This is only a partial call back since due to an error one owner/handler left. They will be finishing this and then moving on to the 3rd ( Water marks)

Drew


----------



## DDRetrievers (Jun 20, 2006)

*Open Call Backs*

Max Flys Lumpy - Barb Younglove
FTCH AFTCH She:Kon Kawera Hon:TSI - David Thompson
Contender's Dora - Kevin Cheff
FC ARC Sally's South Paw - Jim Dorobek
FTCH Duk Dwg's Ali McCall - Dan Devos
Morira River Maddy - David Thompson
Taylorlabs Countress - Dan Devos
Adam Acres Muddy Creek - Jerry Younglove
Basil Edens Wild Mena - Kevin Cheff
2006 NFTCH FTCH Big Guns Big Chill - Charles Dygros
L and L's Black Tie Affair - Kevin Cheff
Seasides Cutty Sark - Kevin Cheff
FTCH AFTCH Maxfly's Xena Rise - Charles Dygros
FTCH AFTCH Stop Drop and Roll - Al Arnold
AFC Jarbar Click On - Jerry Younglove


----------



## ducksoup (Oct 3, 2005)

Thanks Drew -- good to see Barb and Jerry Younglove in there with two Click offspring -- best of luck to them with Lumpy and Surge from half brother Maxx (who gets to play tomorrow in Junior) looks like Tie are doing OK (with Howard in Amateur and Kevin in Open) -- good luck to everybody tomorrow -- especially best wishes to Team Baypoint (hoping that Dan has a good day with two dogs in Open and Junior dogs)


----------



## Diane Brunelle (Jun 11, 2004)

Hi Mike,

The "family" I'm thinking of is Ambertrail, but I may have the wrong trial.
Thanks for asking and to all those who connected names to numbers for me

Diane


----------



## DDRetrievers (Jun 20, 2006)

Amature 

1st Max Flys Lumpy
2nd Live the Dream
3rd Adam acres Muddy Creek
4th FC L and L's Black Tie affair
CM Niagra's own Alien Ripley

Open

1st 2006 NFTCH FTCH Big Guns Big Chill - Charles Dygros 
2nd FTCH AFTCH Stop Drop and Roll - Al Arnold
3rd Adam Acres Muddy Creek - Jerry Younglove 
4th AFC Jarbar Click On - Jerry Younglove
Cm Max Fly Lumpy
CM FTCH AFTCH Maxfly's Xena Rise - Charles Dygros
Res CM Seasides Cutty Sark - Kevin Cheff 


There is also some other Cm's I forgot to mention. I will try and add them later.

Drew


----------



## Kevin Hannah (Jan 6, 2003)

Nice job Howard,

That is now FC AFTCH L and L's Black Tie affair


----------



## ducksoup (Oct 3, 2005)

Any Junior results ???? Qualifying?????


----------



## ducksoup (Oct 3, 2005)

Forgot to add my congrats to Howard and Tie on AFTCH -- and also congrats to Barb and Jerry Younglove with first in Amateur with Lumpy and 4th in Open with Surge plus two 3rds in Am and Open with Adam Acres Muddy Creek


----------



## Howard (Jan 14, 2003)

Kevin Hannah said:


> Nice job Howard,
> 
> That is now FC AFTCH L and L's Black Tie affair


Thanks Kevin, just a note about the Amateur, Donald Martin & Scott Adams set up a magnificent set of tests. Both marking series were beautiful and difficult without trickery, and the land blind was a heart stopper.

Howard


----------



## ducksoup (Oct 3, 2005)

Any results for Qualifying or Junior?????


----------



## byounglove (Mar 2, 2005)

a HUGE congratulations to my husband, Jerry who ran all the dogs this weekend because I was unable to attend. 15 points with 2 wins in one weekend is quite an accomblishment!! Not to mention finishing a dog also. 3 year old "Cree" is now AFTCH Adam Acres Muddy Creek. 
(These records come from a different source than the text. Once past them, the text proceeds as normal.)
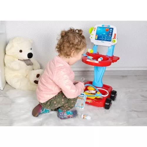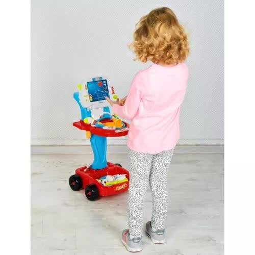 Комплект состоит из 18 элементов, которые помещаются в удобную и легкую 4-колесную тележку. Количество деталей позволяет практично использовать набор. Принадлежности врача и двухуровневая тележка с имитацией экрана ЭКГ и ручкой позволяют разнообразить и повторять игру. Благодаря «катанию» ребенок легко может переместить игрушку в другую комнату или взять ее в сад или на прогулку.
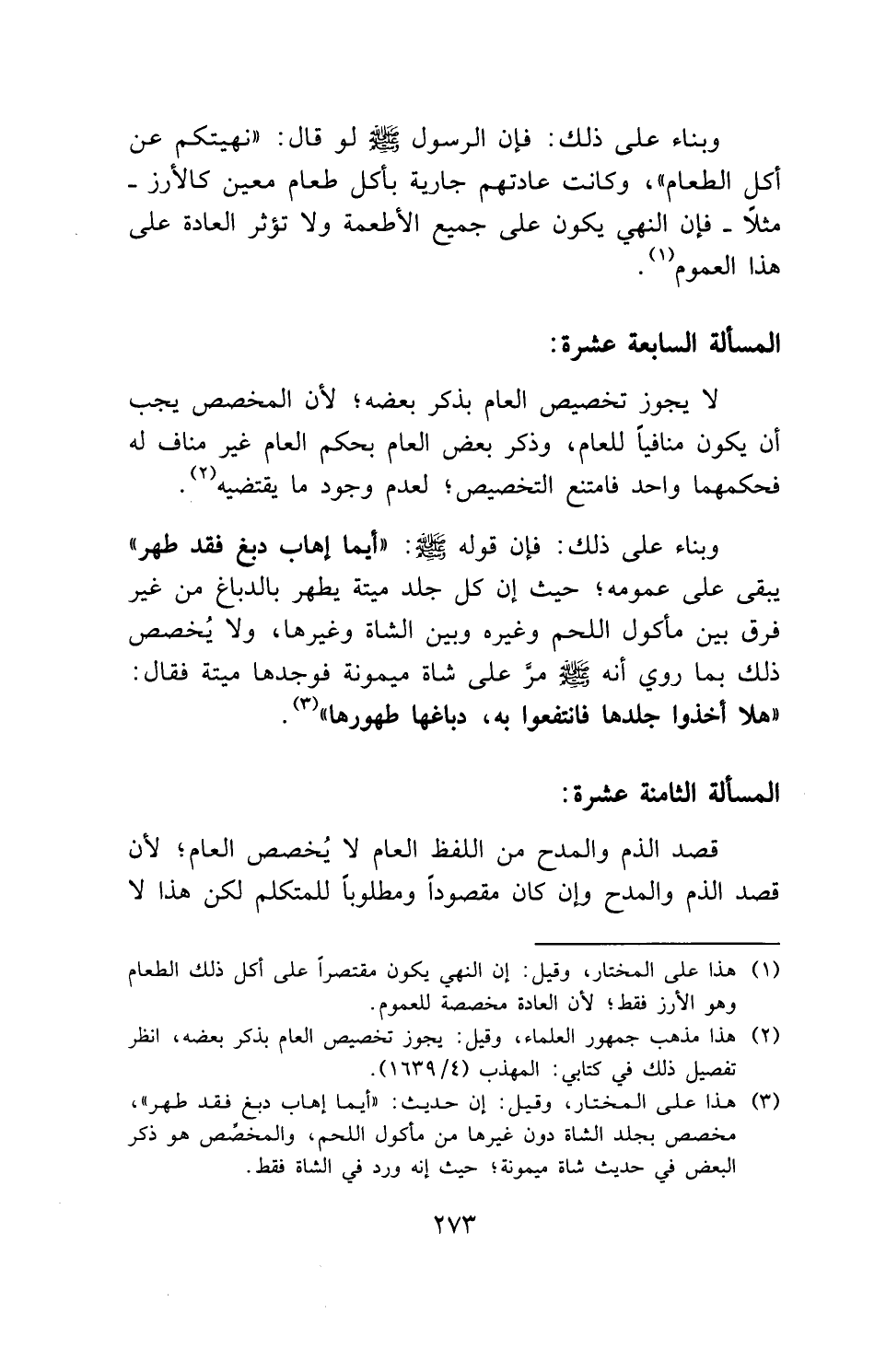 وبناء على ذلك: فإن قوله - صلى الله عليه وسلم -: " أيما إهاب دبغ فقد طهر " يبقى على عمومه؛ حيث إن كل جلد ميتة يطهر بالدباغ من غير فرق بين مأكول اللحم وغيره وبين الشاة وغيرها، ولا يُخصص ذلك بما روي أنه - صلى الله عليه وسلم - مرَّ على شاة ميمونة فوجدها ميتة فقال: " هلا أخذوا جلدها فانتفعوا به، دباغها طهورها ".
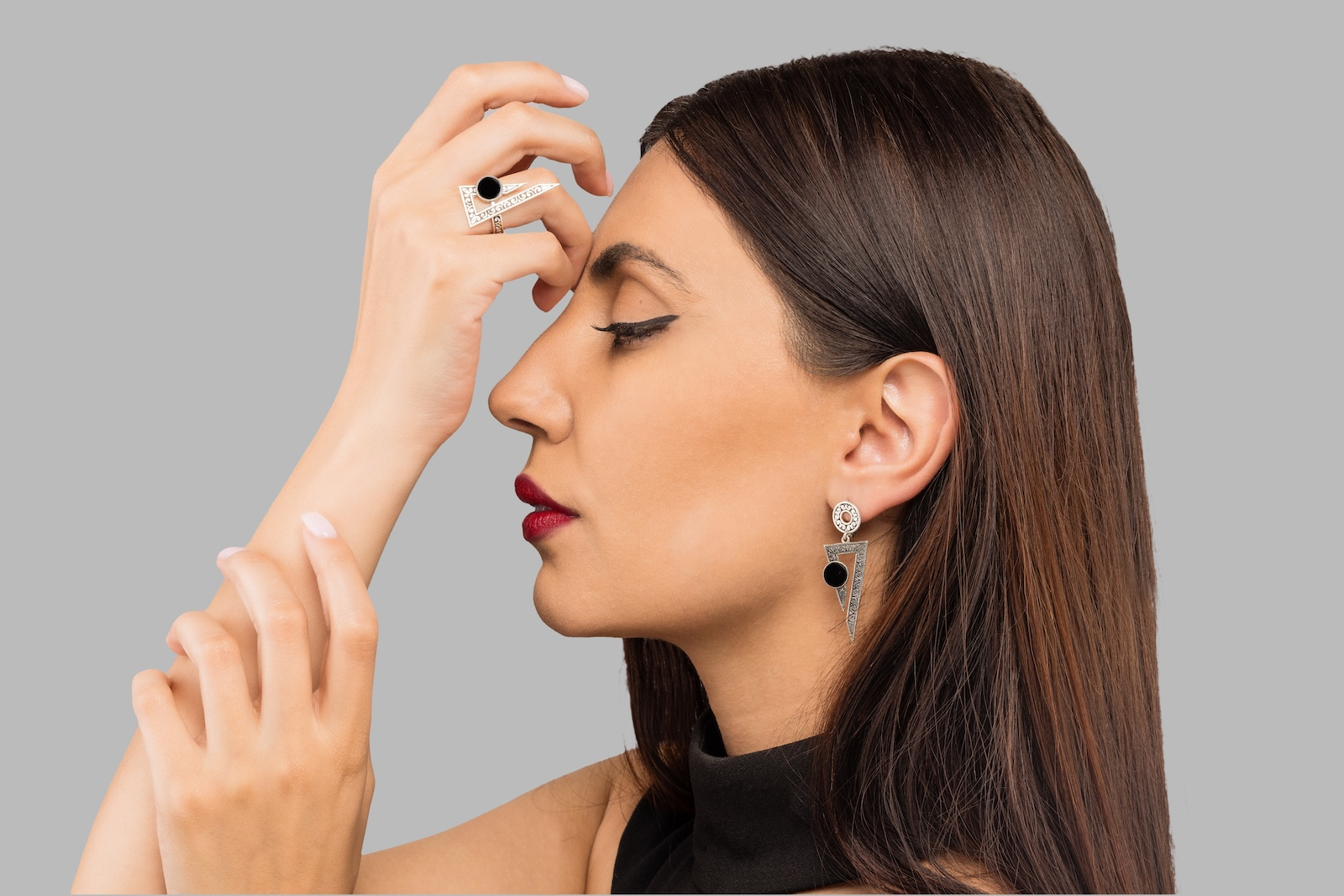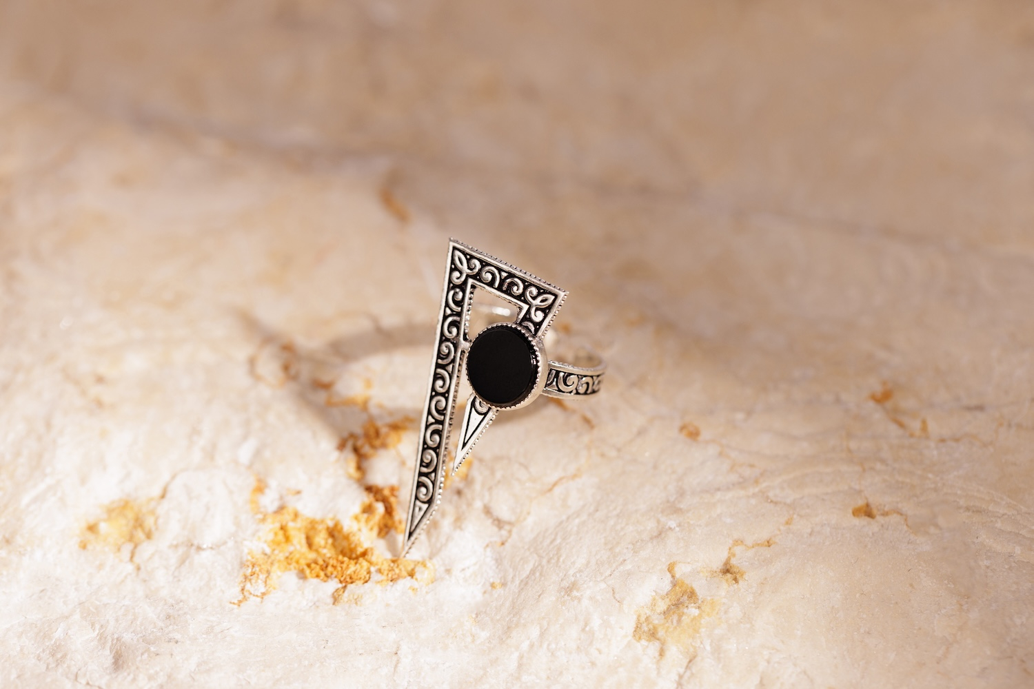 Akorí – acolo unde muntele începe să șoptească. Inspirat de satul legendar aflat la poalele muntelui Ararat, locul unde a coborât Arca lui Noe, acest inel nu e doar bijuterie – e relicvă. Linia sa tăioasă, unghiulară, e o amintire a formei muntelui – abruptă, sacră, imposibil de ignorat. În centrul designului stă onixul, piatră cu o istorie adâncă în regiunea Araratului, unde se găsește în forme naturale spectaculoase.

I can only hope that I still have a dog of my own when I return...)


Way to go, HONEY!!!

Barb


----------



## Becky Mills (Jun 6, 2004)

Ditto what Barb said - way to go HONEY!!!! You, too, BARB!!!!
So glad Cree has letters in front of his name. There is no doubt in my mind he'll have lots more in the future.
Your fans,
Becky and Hoss


----------



## Becky Mills (Jun 6, 2004)

Oh - before I forget - way to go Tie and Howard!
YEEHAW!
Becky and Hoss


----------



## Lpgar (Mar 31, 2005)

*Great Weekend*

Indeed....the South West Club did a fantastic job hosting the event this year. Weather could not have been nicer....Logistics went very well.

Congratulations to Howard and Tie. 

Jerry...Wow...what a Great weekend with your Crew. Cree indeed is the Real deal!

Dan...Great weekend winning the Qual with Do-It and The Jr. with Dana.

2 Wins in 2 starts for Dana of Long Point....Looks like the start of a trend. 

Gar


----------



## Howard (Jan 14, 2003)

byounglove said:


> a HUGE congratulations to my husband, Jerry who ran all the dogs this weekend because I was unable to attend. 15 points with 2 wins in one weekend is quite an accomblishment!! Not to mention finishing a dog also. 3 year old "Cree" is now AFTCH Adam Acres Muddy Creek.


Hey Barb & Jerry, congrats on Cree's title, he looked really good all weekend, and Lumpy ran a great trial as well. See you at Wolverine next weekend.

Howard


----------



## Davadar (Jul 24, 2006)

I would like to congratulate Al Arnold and Dave Broomhead who own littermates, Al owns FTCH AFTCH Stop Drop and Roll (Mya) and Dave who
owns Live The Dream (Tri).
Al placed 2nd in the Open and Dave placed 2nd in the Amateur.

In addition to his placement at SWORTC, Tri received a Jam in the Amateur at Buckeye last month and last weekend at Niagara he received a 4th in the Open and a 4th in the Amateur. 
- Not too bad for a dog that we thought we were going to sell last summer!!
__________________


----------



## ducksoup (Oct 3, 2005)

Congrats to Dave and Al -- and Dave and Darlene, I'm sure you're glad that you didn't sell Tri now


----------